_EXERCISE PROMPT_
Print the lines below word for word, beginning with the first and ending with the line that holds "A swimmer makes", and skip every picture.

**********

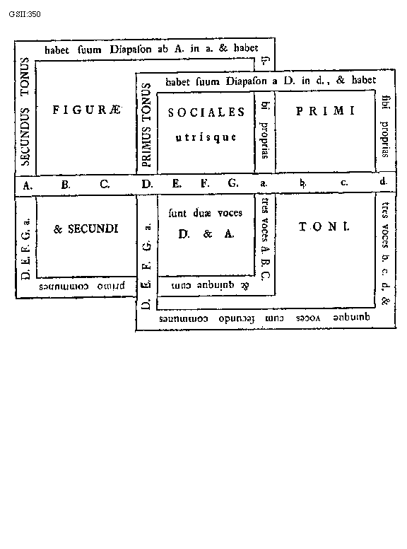 [GSII:350; text: A. B. C. D. E. F. G. a. [sqb]. c. d. FIGURAE PRIMI ET SECUNDI TONI. SOCIALES utrisque sunt duae voces D. et A. PRIMUS TONUS habet suum Diapason a D. in d., et habet sibi proprias tres voces b. c. d. et quinque voces cum secundo communes D. E. F. G. a. SECUNDUS TONUS habet suum Diapason ab A. in a. et habet sibi proprias tres voces A. B. C. et quinque cum primo communes D. E. F. G. a.] [ENGDEM4 01GF]
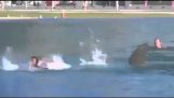 A swimmer makes a spectacular dive as he exits a large water slide.
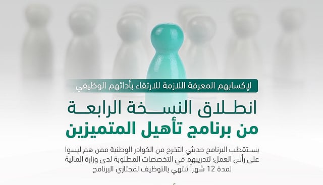 ويستهدف برنامج وزارة المالية الخريجين والخريجات ممن لم يمضِ على تخرجهم أربع سنوات من حملة البكالوريوس والماجستير، ومن ثم إلحاقهم بدورات تدريبية إلى جانب تدريبهم على رأس العمل في وزارة المالية لمدة 12 شهراً تنتهي بتوظيفهم، مع منحهم درجتين إضافيتين على المرتبة المستحقة حال اجتيازهم البرنامج بنجاح؛ إضافة إلى منحهم فرصاً مثمرة ومساعدتهم على صقل تجاربهم خلال فترة زمنية مختصرة.
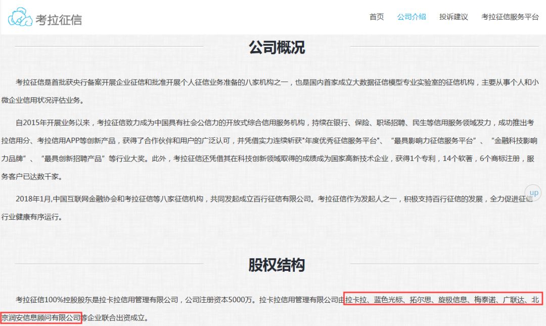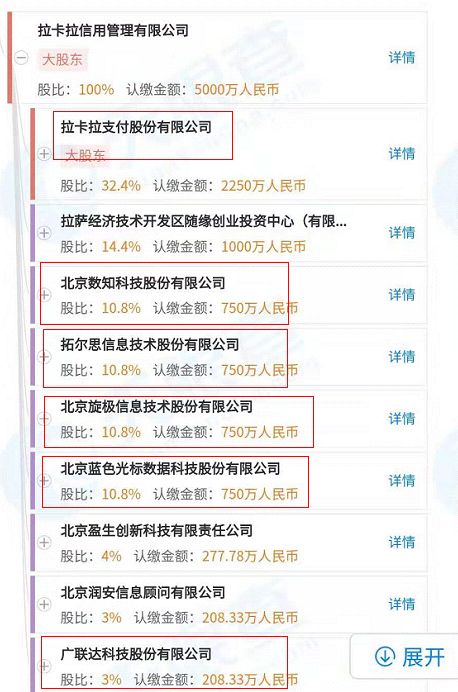 根据考拉征信的官网,考拉征信100%控股股东是拉卡拉信用管理有限公司,公司注册资本5000万。拉卡拉信用管理有限公司由拉卡拉、蓝色光标、拓尔思、旋极信息、梅泰诺(注:现名“数知科技”)、广联达、北京润安信息顾问有限公司等企业联合出资成立。这意味着,考拉征信背后的股东中,有多家A股上市公司的身影。
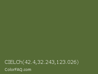 CIELCh 42.4,32.243,123.026 Color is a normal green color and the nearest color is Dark Olive Green #556b2f. Hex code #566b36 and RGB value is rgb(86,107,54). In RGB color space, this color is composed of 34% red, 42% green, 21% blue, In CMYK color space, this color is composed of 20% cyan, 0% magenta, 50% yellow , 58% black , In HSL color space, this color has a hue angle of 84° , 33% saturation and 32% lightness.
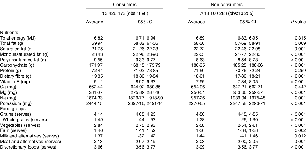 Compared with non-consumers, the intakes of avocado consumers were significantly higher in monounsaturated fats, polyunsaturated fats, dietary fibre, vitamin E, Mg and potassium (all P < 0·001) (Table 3). Avocado consumers had significantly higher intakes of ‘whole grains’ (P < 0·001), ‘vegetables’ (P < 0·001), ‘fruit’ (P = 0·002) and ‘meat and alternatives’ (P = 0·004) and lower intake of ‘grains’ (P < 0·001), ‘milk and alternatives’ (P = 0·012) and ‘discretionary foods’ (P < 0·001).
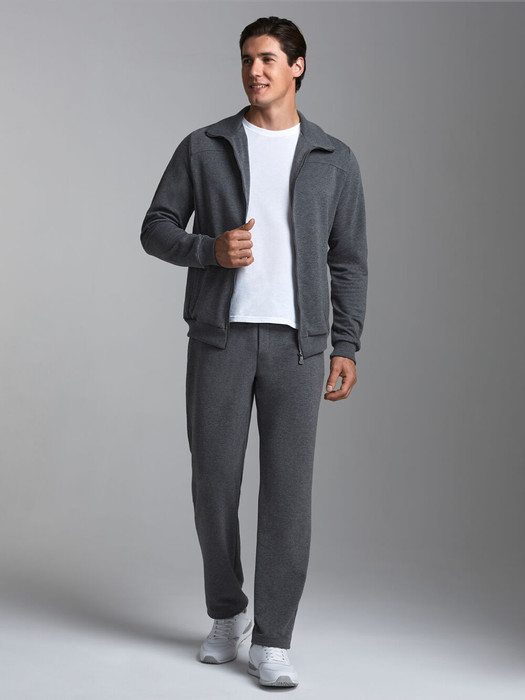 Мужской спортивный костюм из эластичного хлопкового трикотажного полотна. Куртка прямая с воротником, застегивается на молнию. Рукава втачные. Воротник, манжеты и пояс куртки выполнены из эластичного трикотажа. Брюки прямого силуэта. Прорезные карманы куртки и брюк застегиваются на молнии. Пояс брюк эластичный, по линии талии дополнительно регулируется шнуром.

**********

_YOUR RESPONSE_
 [GSII:350; text: A. B. C. D. E. F. G. a. [sqb]. c. d. FIGURAE PRIMI ET SECUNDI TONI. SOCIALES utrisque sunt duae voces D. et A. PRIMUS TONUS habet suum Diapason a D. in d., et habet sibi proprias tres voces b. c. d. et quinque voces cum secundo communes D. E. F. G. a. SECUNDUS TONUS habet suum Diapason ab A. in a. et habet sibi proprias tres voces A. B. C. et quinque cum primo communes D. E. F. G. a.] [ENGDEM4 01GF]
 A swimmer makes a spectacular dive as he exits a large water slide.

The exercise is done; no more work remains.